Multi-reference alignment in high dimensions: sample complexity and phase transition
This addresses the sample complexity challenge in multi-reference alignment for applications like cryo-electron microscopy, providing theoretical insights but is incremental as it extends prior finite-dimensional analysis to high dimensions.
The paper tackles the problem of estimating a signal from its noisy and circularly-shifted copies in high dimensions, revealing a phase transition where sample complexity is minor when α>2 but grows substantially when α≤2, with specific thresholds like α=2 governing the transition.

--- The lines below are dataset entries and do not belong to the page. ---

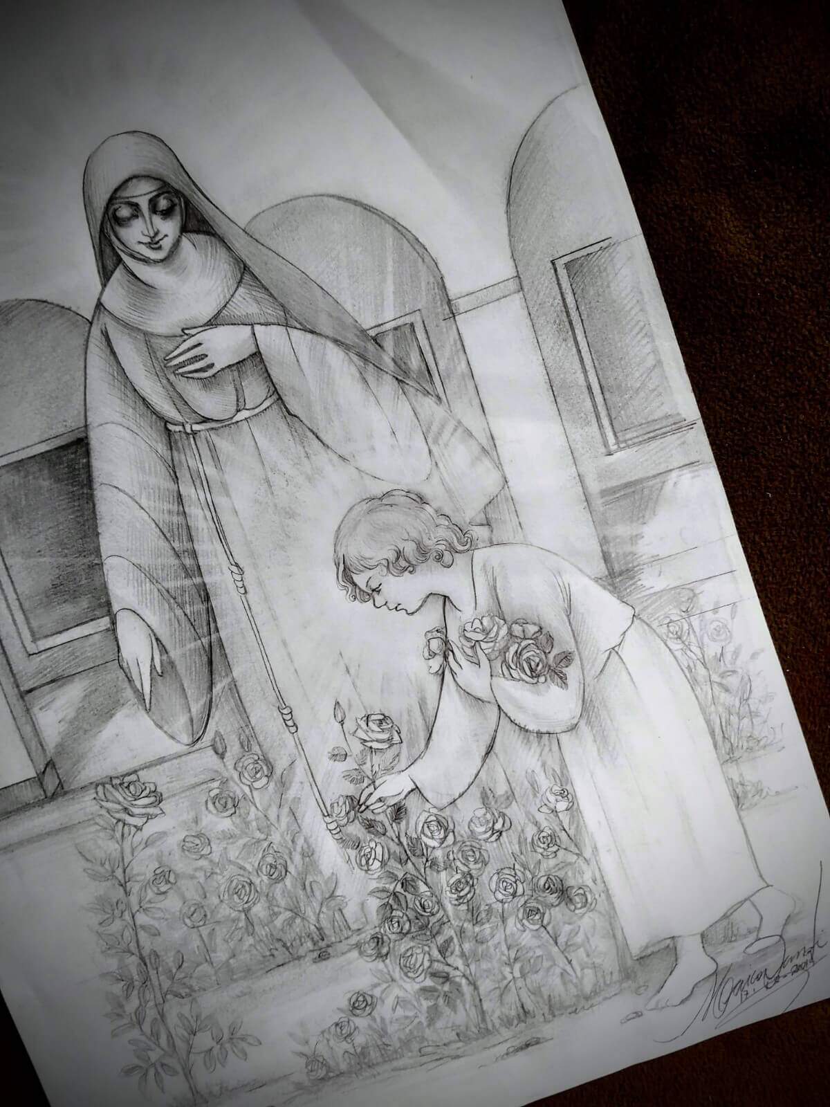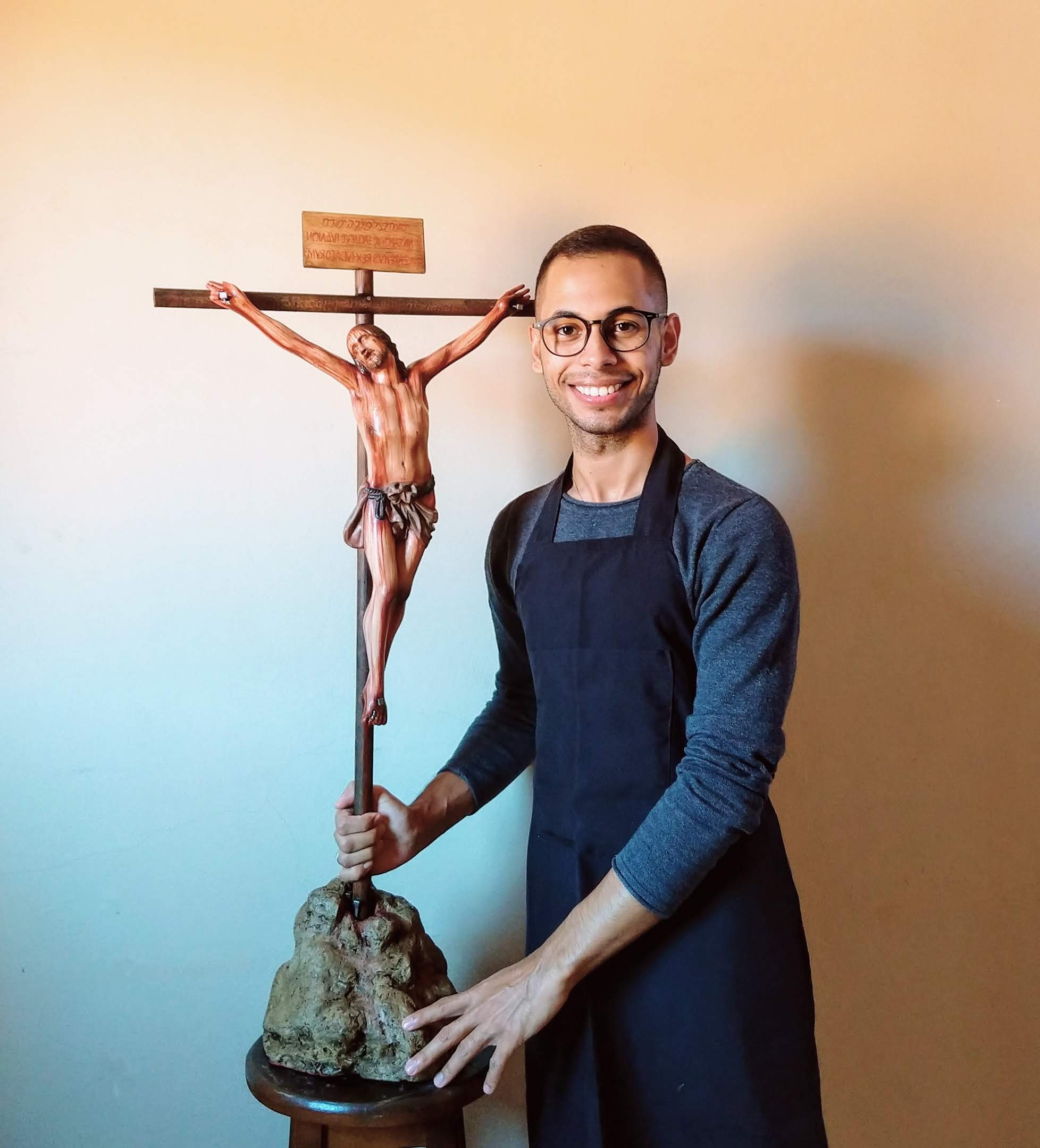 Desde a adolescência ele desenha, pinta e se aprofunda na arte sacra.
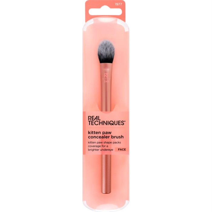 Real Techniques Kitten Paw Concealer Brush har mjuka syntetiska borststrån och används för att enkelt applicera makeup och hudvårdsprodukter. Använd Kitten Paw Concealer Brush för att applicera concealer och ögonkräm för en len och fin finish. Borsten har etappklippta borststrån och är perfekt fär applicering av concealer under t ex ögonen.
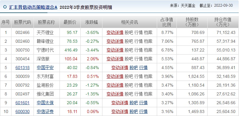 值得注意的是,相较于二季度,该基金前十大重仓股成分均未发生变化,分别为天齐锂业、赣锋锂业、宁德时代、深信服、中国平安、东方财富、盐湖股份、雅化集团、中国太保、中信证券,这些股票仅份额有所变动。三季度,该基金增持赣锋锂业、深信服,减持天齐锂业、东方财富、盐湖股份。
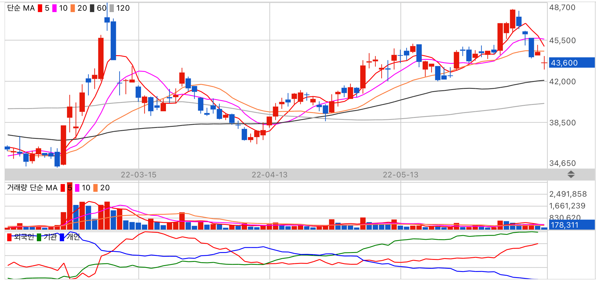저평가 종목이지만 수급이 저조합니다. 상대적으로 기관 수급이 높습니다.
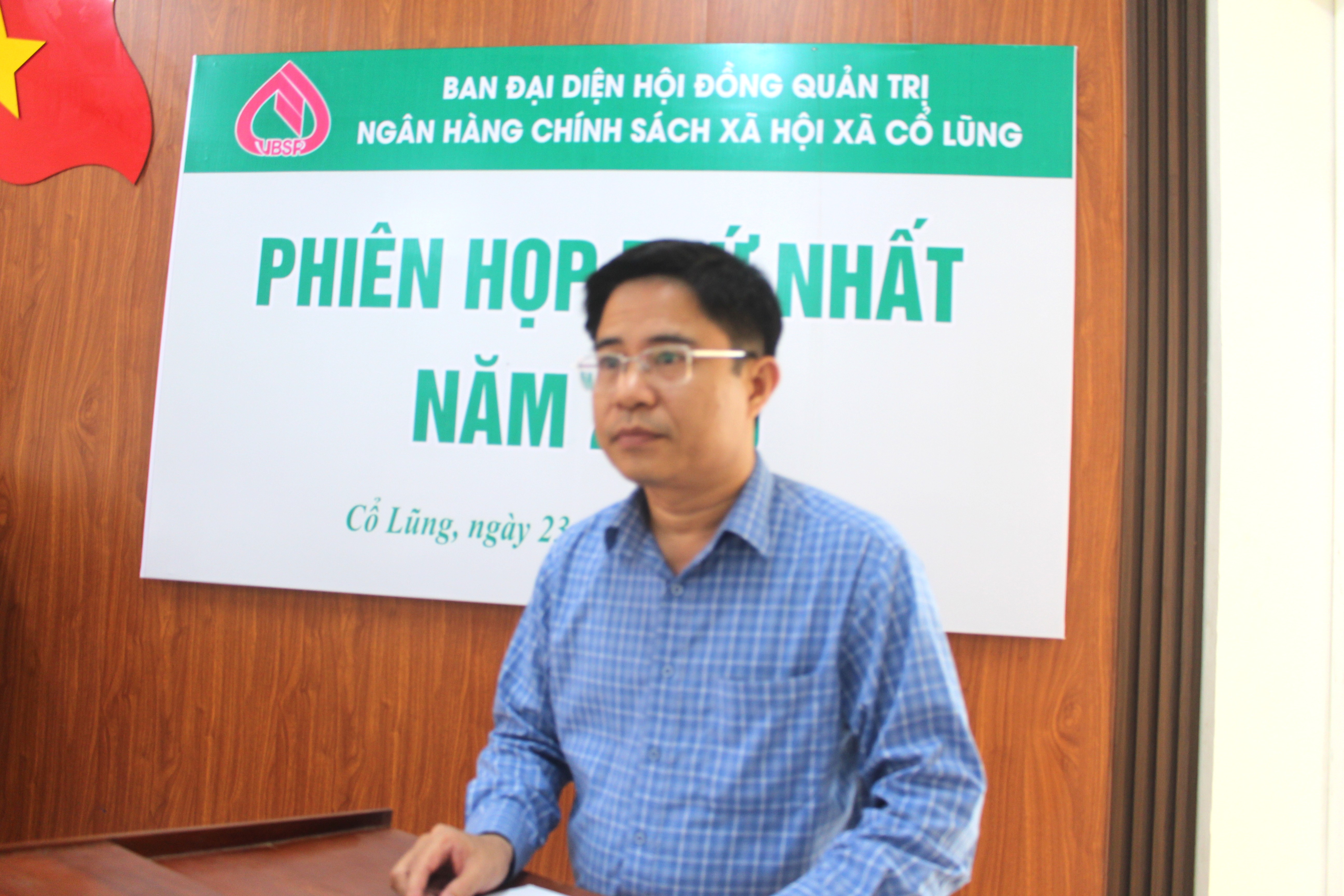ông Phạm Văn Tuấn – Giám đốc phòng giao dịch NHCSXH Bá Thước phát biểu tại phiên họp
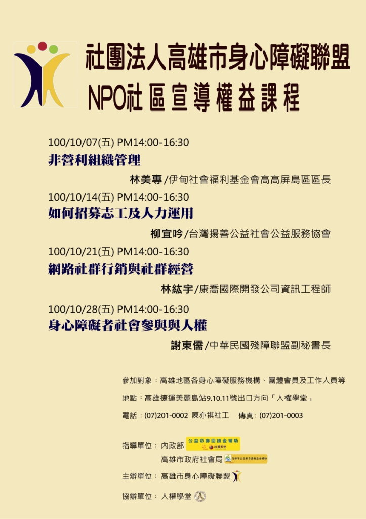 10/7-28:社團法人高雄市身心障礙聯盟-NPO宣導權益課程
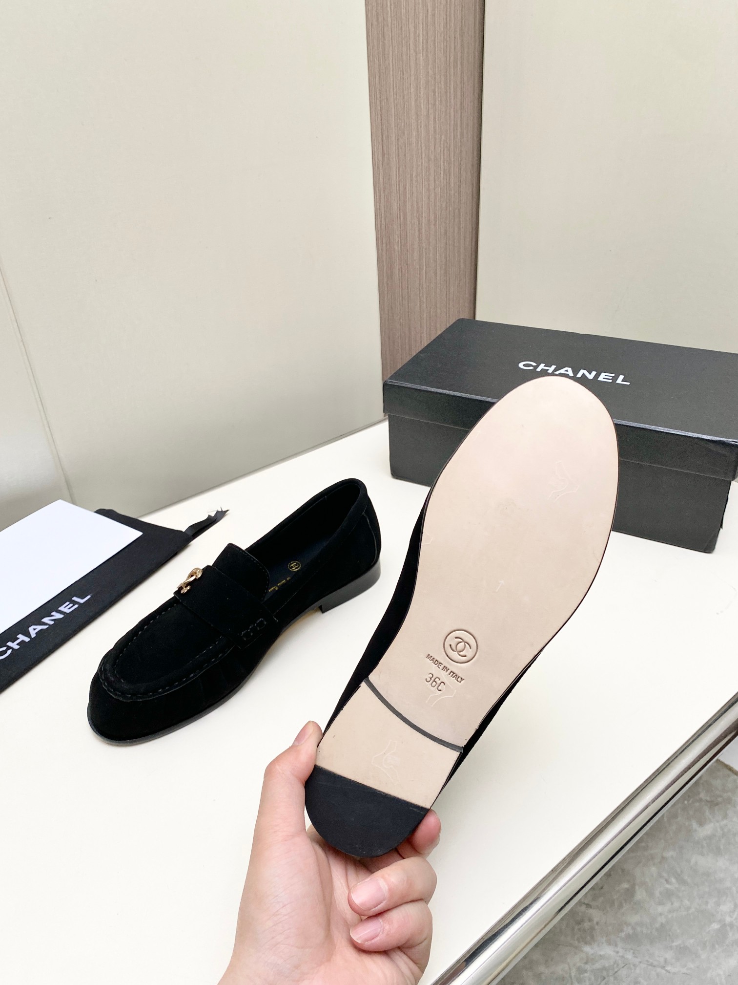 This shoes is AAAAA 1:1 quality (superb). Materials used are identical to the original ones. Chanel trademark marks are indistinguishable to the authentic. Photos take by actual shoes, what you receive will be 100% same with our photos.
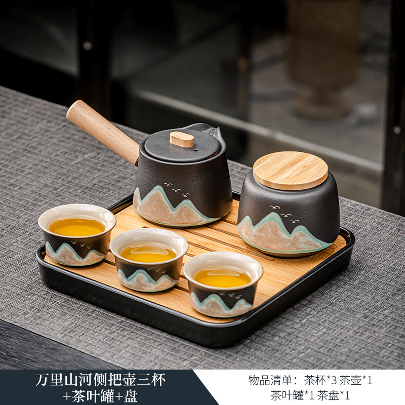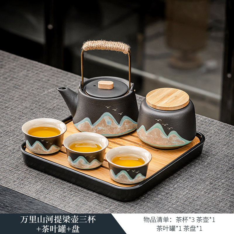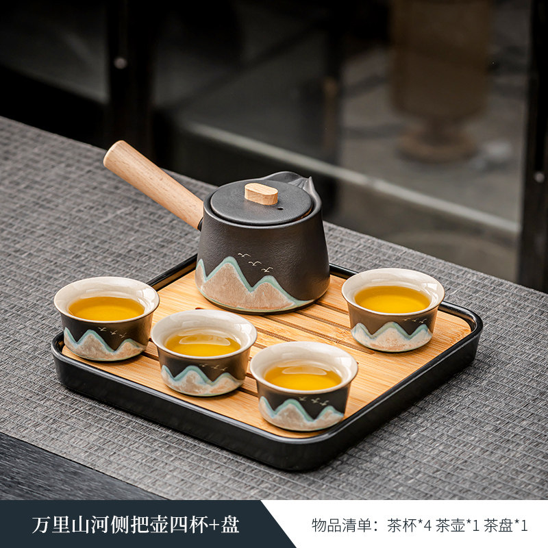 wanli mountain river side handle pot three cups + tea pot + plate.
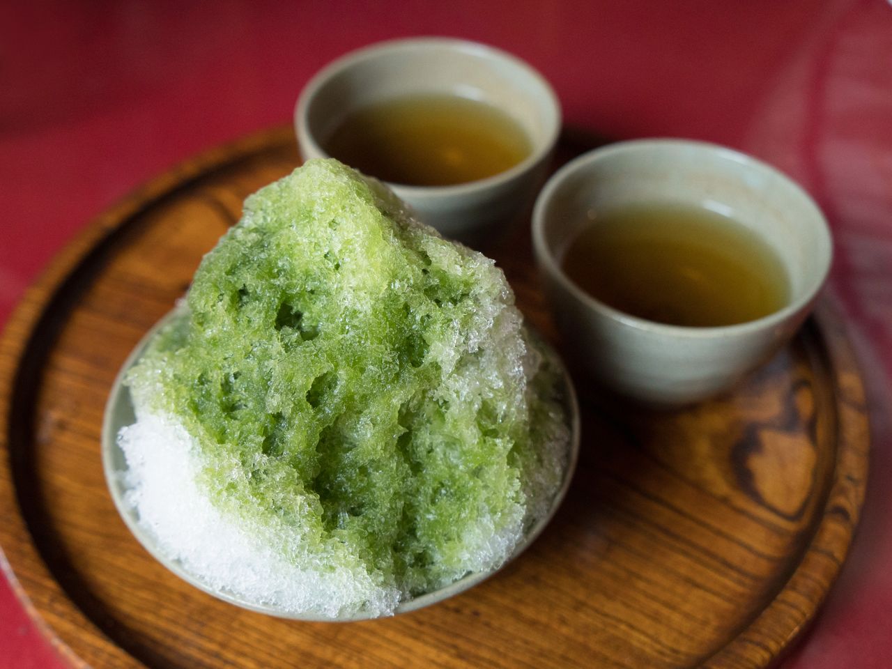 La « glace rasée akafuku » (akafuku-gôri). La pâte de haricot, spécialement fabriquée pour l’occasion, et les mochi sont inclus dans ce dessert, sur lequel est appliqué du sirop de matcha.
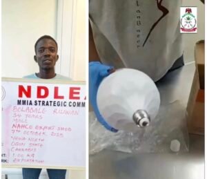 One of the suspects, identified as Boladale Riliwan, a cargo agent, was arrested on October 7 at the export shed of the Murtala Muhammed International Airport (MMIA), Lagos, after officers discovered 15 parcels of skunk — a potent strain of cannabis — hidden inside 10 large rechargeable electric bulbs packaged for shipment to the DRC.
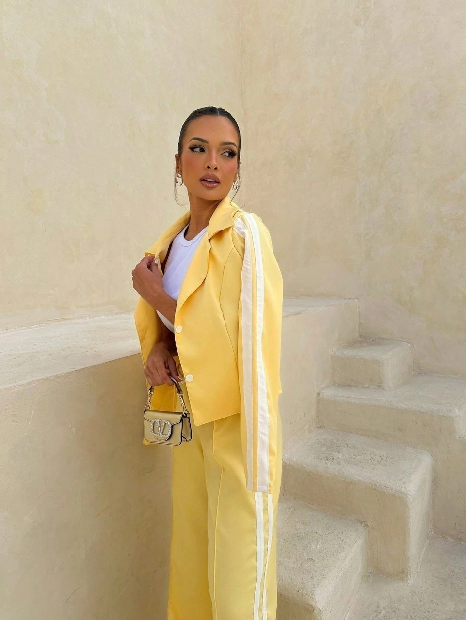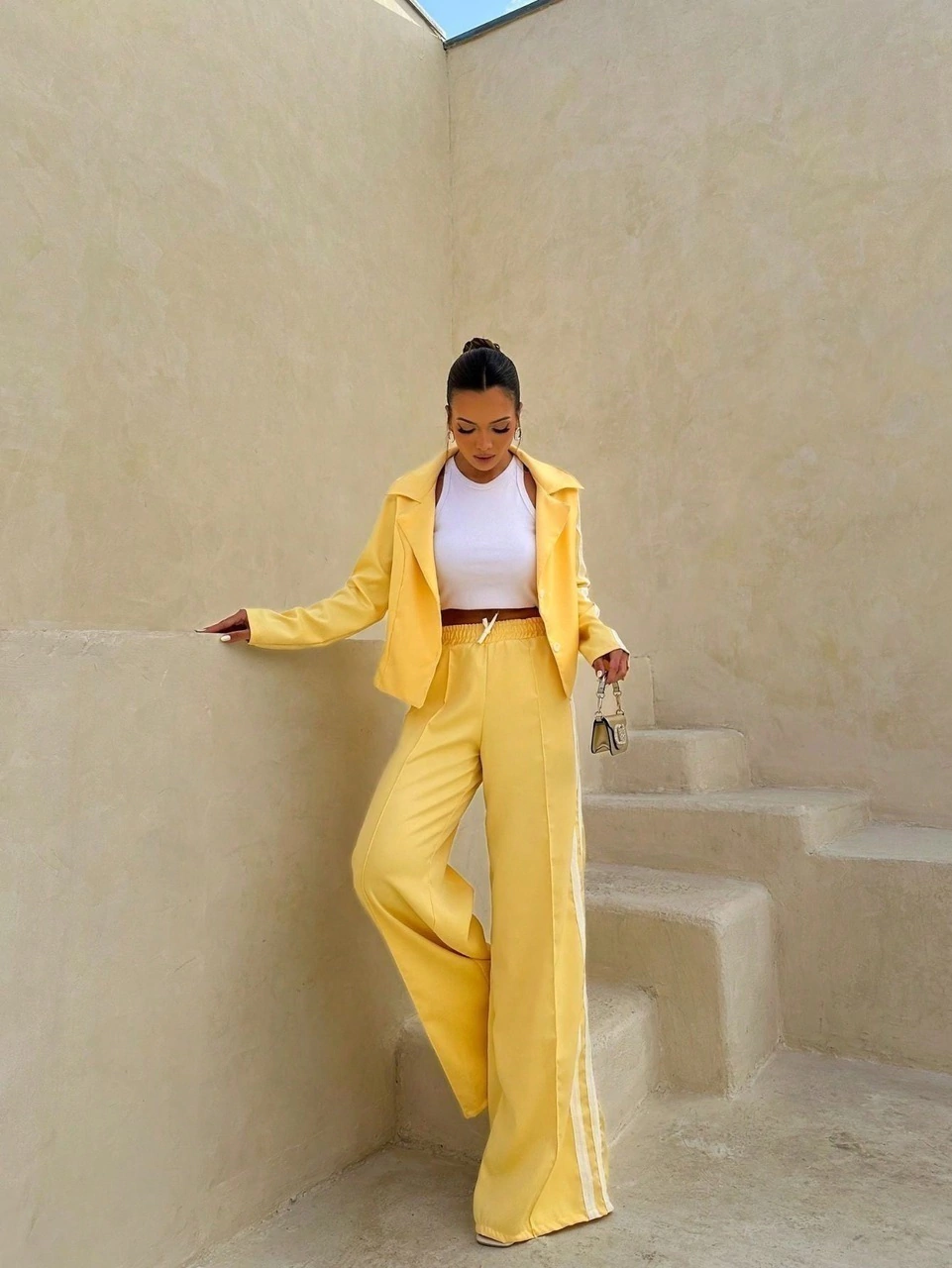 Conjunto Versátil: Perfeito para eventos formais, reuniões de trabalho ou até mesmo um jantar especial. A calça e o cropped podem ser usados juntos ou separados, proporcionando várias opções de looks.
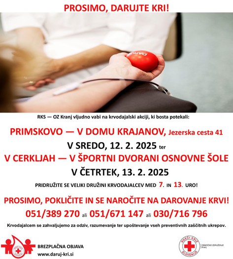 Primskovo 12.2. in Cerklje 13.2. 2025
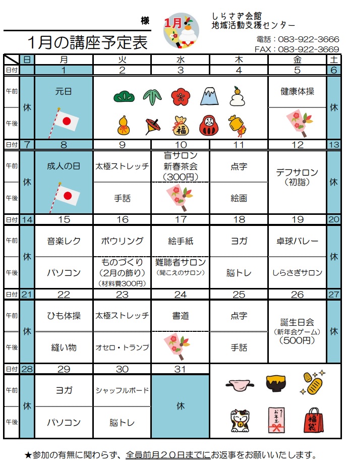 しらさぎ会館地域活動支援センター 1月講座予定
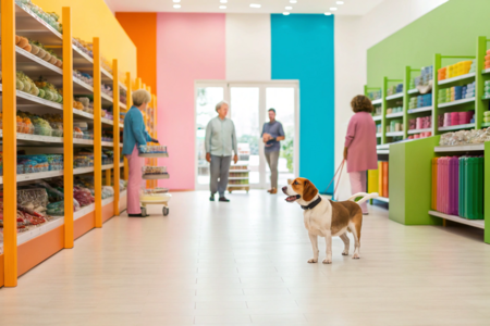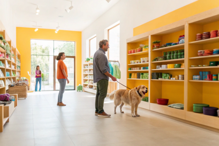 Модель: Recraft Mockup Product Photo Промпт: A pet store interior with happy people and a dog near the shelves with pet supplies. Color it all #6C5D8C, 72CEF2, 65BFBF, E27D5B, D9B4B4
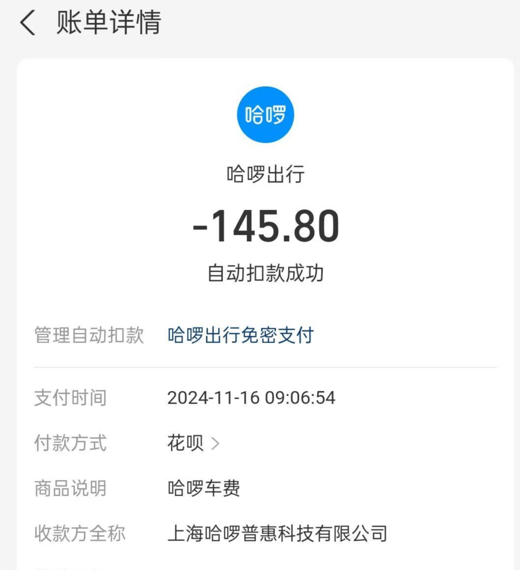 根据韩先生提供的订单截图显示,这笔顺风车订单支付时间为11月16日当天上午9点,总支付费用为145.8元。韩先生回忆,在看到司机接单之后,他特地向对方说明是运送三只小马犬,之后司机同意将狗拉走。但是在车辆行进途中,韩先生接到司机电话要求加钱,原因是狗吐在车上了。“我说加钱就加钱呗,适当加一点我也可以接受,但是得走哈啰顺风车的平台,司机不同意并要求私下支付。”

Multi-reference alignment entails estimating a signal in $\mathbb{R}^L$ from its circularly-shifted and noisy copies. This problem has been studied thoroughly in recent years, focusing on the finite-dimensional setting (fixed $L$). Motivated by single-particle cryo-electron microscopy, we analyze the sample complexity of the problem in the high-dimensional regime $L\to\infty$. Our analysis uncovers a phase transition phenomenon governed by the parameter $α= L/(σ^2\log L)$, where $σ^2$ is the variance of the noise. When $α>2$, the impact of the unknown circular shifts on the sample complexity is minor. Namely, the number of measurements required to achieve a desired accuracy $\varepsilon$ approaches $σ^2/\varepsilon$ for small $\varepsilon$; this is the sample complexity of estimating a signal in additive white Gaussian noise, which does not involve shifts. In sharp contrast, when $α\leq 2$, the problem is significantly harder and the sample complexity grows substantially quicker with $σ^2$.